WORK INSTRUCTIONS:
Repeat the records exactly, with one exception: no images.
::::::::::
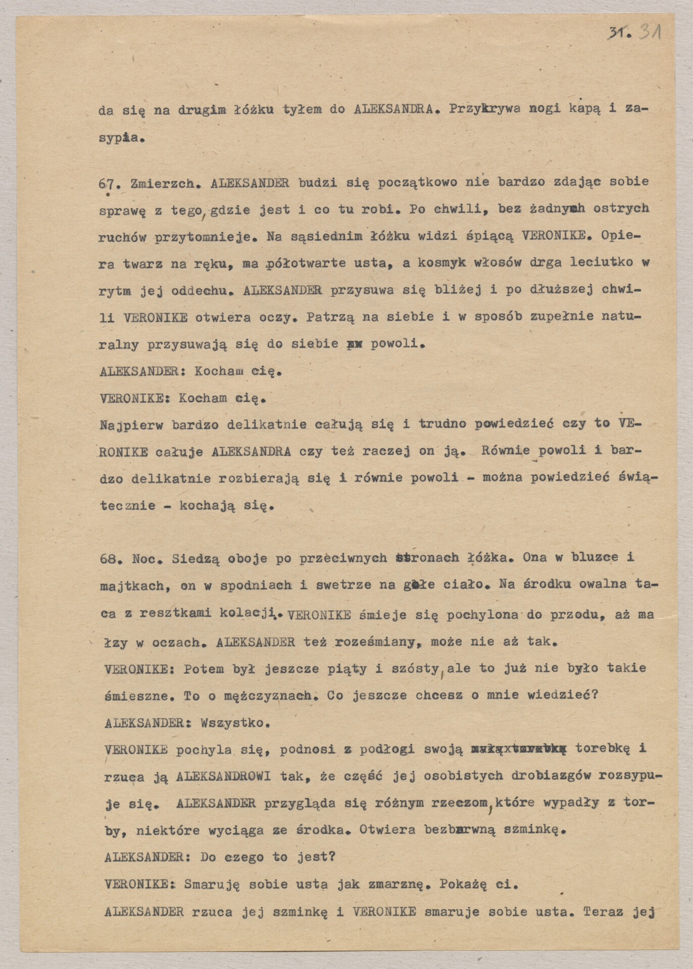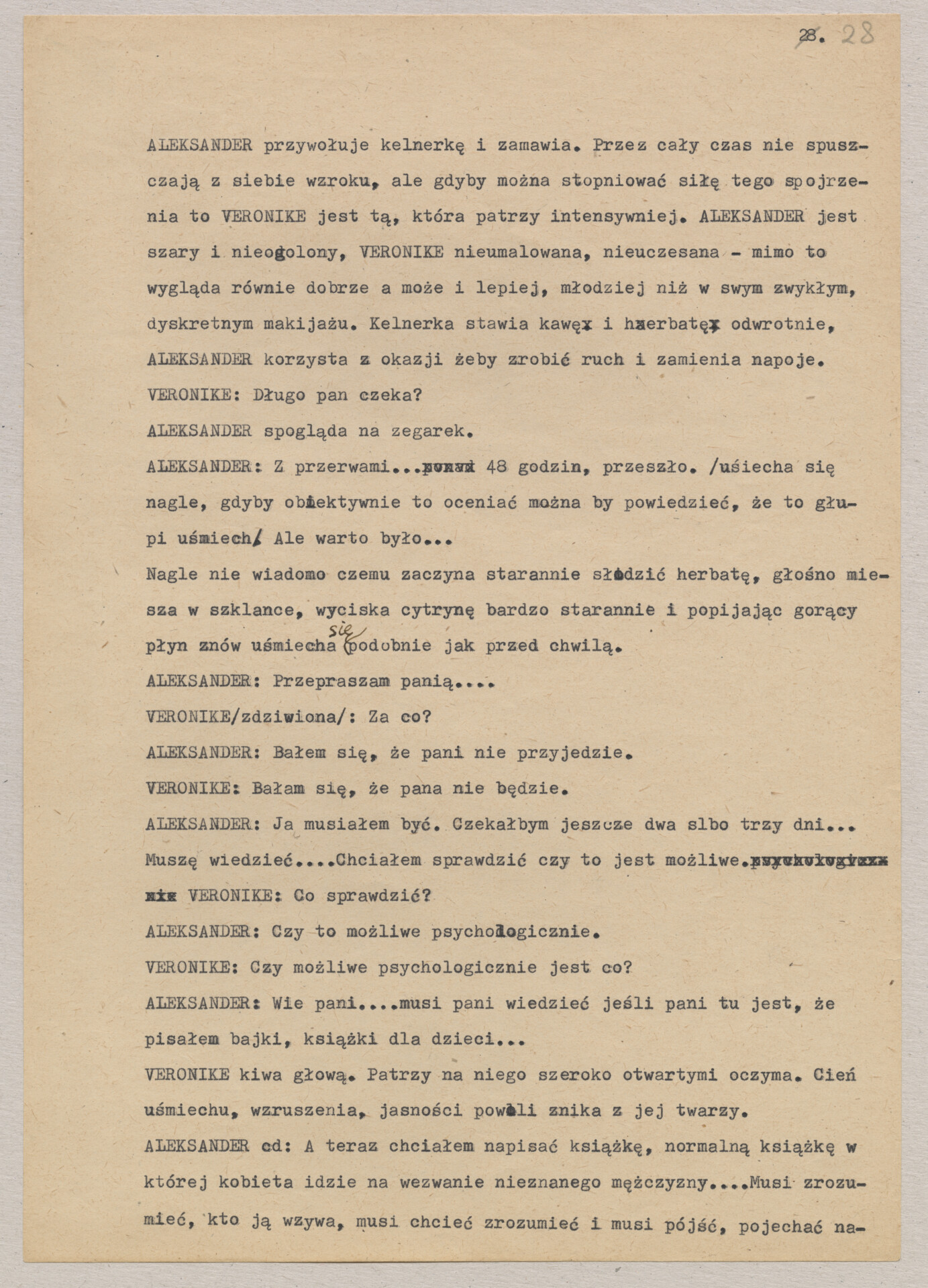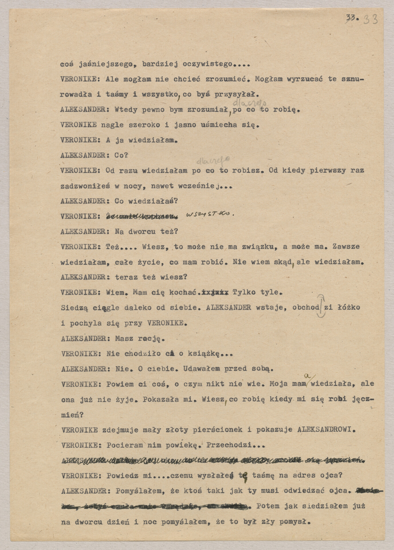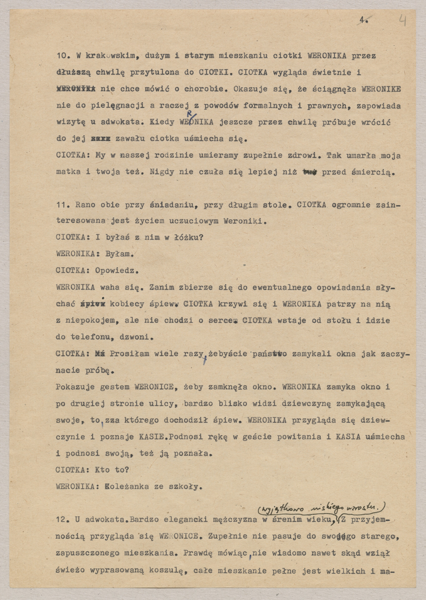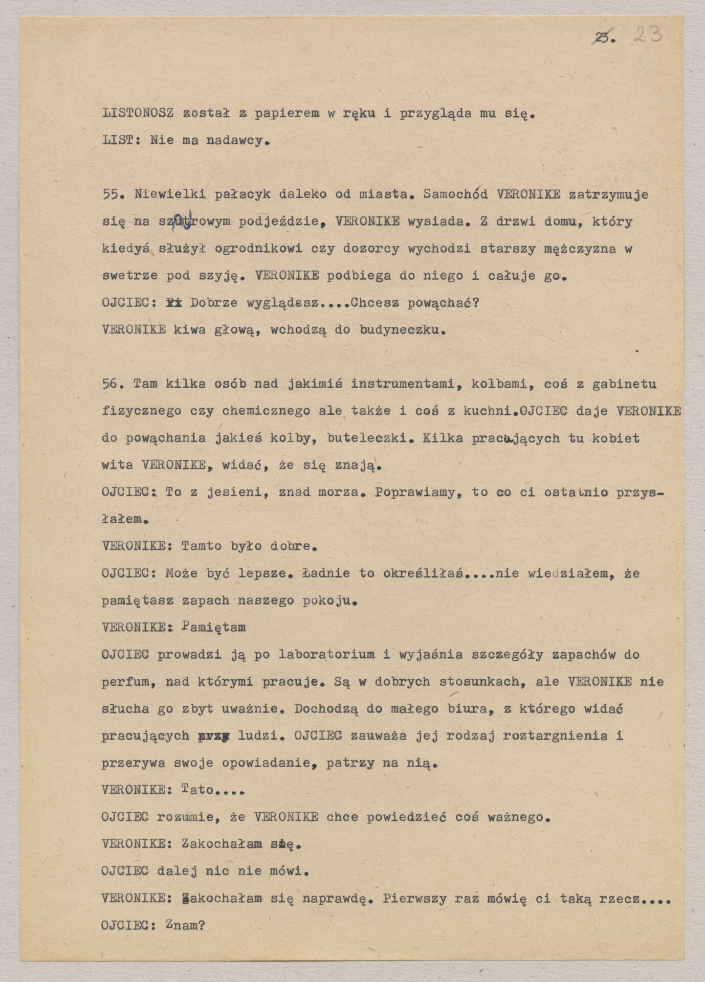 Maszynopis treatmentu do filmu Krzysztofa Kieślowskiego “Podwójne życie Weroniki” (1991) – pierwszego zagranicznego filmu reżysera. W momencie pracy nad filmem posługiwano się tytułem “Chórzystka”. Autorami scenariusza są Krzysztof Piesiewicz i Krzysztof Kieślowski, którzy przedstawiają opowieść o dwóch identycznych kobietach, Polce i Francuzce (obie role grane przez Irène Jacob), które w niewytłumaczalny sposób odczuwają swoją wzajemną obecność. Dokument zawiera odręczne notatki autora.
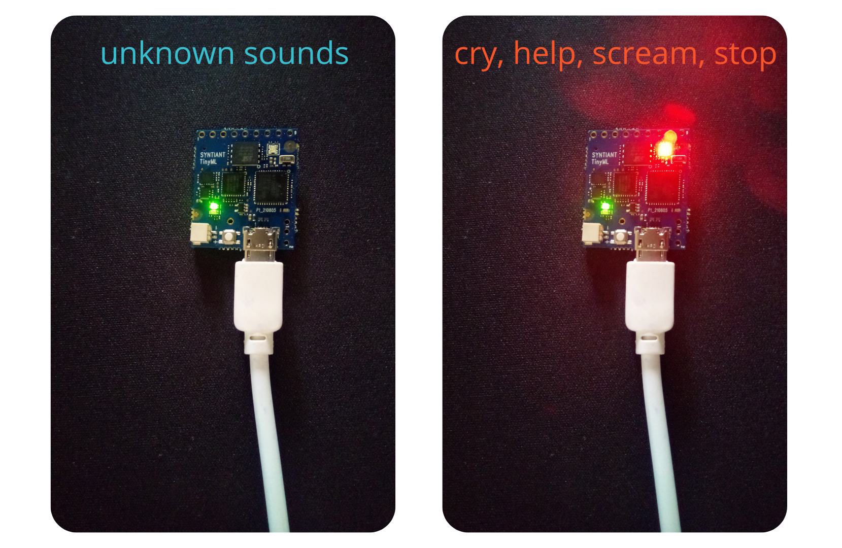 The Syntiant TinyML Board is fully supported by Edge Impulse, so deploying the model to the hardware was a snap. After clicking on the “Deployment” menu item, there is a “Syntiant TinyML” option under “Build firmware” that will package up a custom firmware image for download. The package contains a script that can be used to flash the image to the board via USB. After that has been done, the device’s onboard LED will flash red if any of the target sounds (cry, help, scream, stop) are detected. The light will remain green for all other detected sounds.
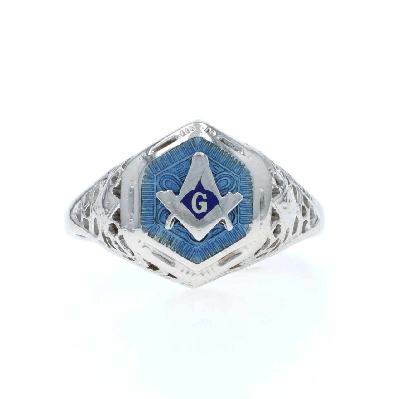 White Gold Masonic Blue Lodge Sweetheart"s Ring - 10k Blue Enamel SZ 6
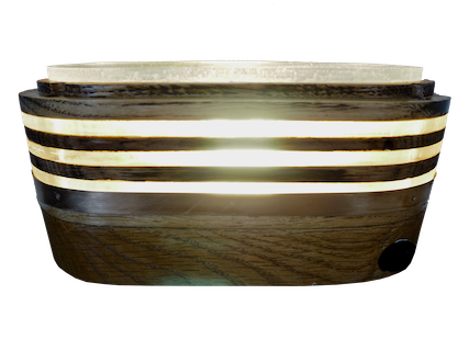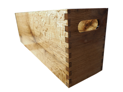 Samenstelling: een eikenhouten plank van 18mm is overlangs gezaagd tot latten van 9mm. De latten zijn op maat gemaakt en hebben daarna een tandverbinding gekregen. De bodem is op maat gemaakt en in het latten frame geplaatst. Het geheel is verlijmd.
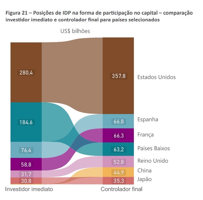 A liderança dos EUA ocorre tanto no conceito de “investidor imediato” (domicílio da empresa não residente que investiu diretamente na subsidiária ou filial) quanto no de “controlador final” (residência do investidor que detém o efetivo controle e interesse econômico na empresa investida no Brasil).
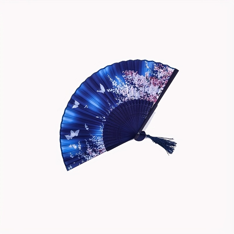 Product information for TEMU 1pc Elegant Black Pvc Folding Handheld Fan, Uncharged Manual Operation, No Battery Required, Classic Ancient Style For Men And Women
::::::::::
ANSWER SECTION:
 Maszynopis treatmentu do filmu Krzysztofa Kieślowskiego “Podwójne życie Weroniki” (1991) – pierwszego zagranicznego filmu reżysera. W momencie pracy nad filmem posługiwano się tytułem “Chórzystka”. Autorami scenariusza są Krzysztof Piesiewicz i Krzysztof Kieślowski, którzy przedstawiają opowieść o dwóch identycznych kobietach, Polce i Francuzce (obie role grane przez Irène Jacob), które w niewytłumaczalny sposób odczuwają swoją wzajemną obecność. Dokument zawiera odręczne notatki autora.
 The Syntiant TinyML Board is fully supported by Edge Impulse, so deploying the model to the hardware was a snap. After clicking on the “Deployment” menu item, there is a “Syntiant TinyML” option under “Build firmware” that will package up a custom firmware image for download. The package contains a script that can be used to flash the image to the board via USB. After that has been done, the device’s onboard LED will flash red if any of the target sounds (cry, help, scream, stop) are detected. The light will remain green for all other detected sounds.
 White Gold Masonic Blue Lodge Sweetheart"s Ring - 10k Blue Enamel SZ 6
 Samenstelling: een eikenhouten plank van 18mm is overlangs gezaagd tot latten van 9mm. De latten zijn op maat gemaakt en hebben daarna een tandverbinding gekregen. De bodem is op maat gemaakt en in het latten frame geplaatst. Het geheel is verlijmd.
 A liderança dos EUA ocorre tanto no conceito de “investidor imediato” (domicílio da empresa não residente que investiu diretamente na subsidiária ou filial) quanto no de “controlador final” (residência do investidor que detém o efetivo controle e interesse econômico na empresa investida no Brasil).
 Product information for TEMU 1pc Elegant Black Pvc Folding Handheld Fan, Uncharged Manual Operation, No Battery Required, Classic Ancient Style For Men And Women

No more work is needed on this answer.